▶ _EXERCISE DIRECTIONS_: Using the material below, repeat exactly the lines from the one with "우선 bof 를 통해" through the one with "4、花叶锦带花(Weigel", ends included, without any images.

EXERCISE INPUT section start

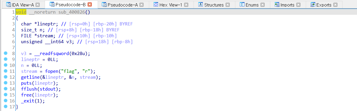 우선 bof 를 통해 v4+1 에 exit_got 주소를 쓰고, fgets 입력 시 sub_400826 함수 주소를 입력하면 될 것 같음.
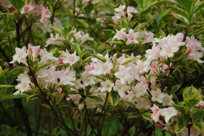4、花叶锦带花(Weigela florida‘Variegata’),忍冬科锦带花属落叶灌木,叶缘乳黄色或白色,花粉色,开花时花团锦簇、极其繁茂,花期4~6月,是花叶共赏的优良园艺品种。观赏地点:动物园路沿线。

EXERCISE INPUT section end
EXERCISE INPUT section start

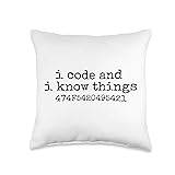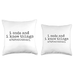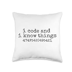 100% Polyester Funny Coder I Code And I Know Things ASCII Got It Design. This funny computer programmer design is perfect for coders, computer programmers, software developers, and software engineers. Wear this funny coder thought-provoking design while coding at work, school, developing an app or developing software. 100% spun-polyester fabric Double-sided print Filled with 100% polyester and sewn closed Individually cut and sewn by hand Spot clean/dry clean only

EXERCISE INPUT section end

▶ _EXPECTED OUTPUT_:
 우선 bof 를 통해 v4+1 에 exit_got 주소를 쓰고, fgets 입력 시 sub_400826 함수 주소를 입력하면 될 것 같음.
4、花叶锦带花(Weigela florida‘Variegata’),忍冬科锦带花属落叶灌木,叶缘乳黄色或白色,花粉色,开花时花团锦簇、极其繁茂,花期4~6月,是花叶共赏的优良园艺品种。观赏地点:动物园路沿线。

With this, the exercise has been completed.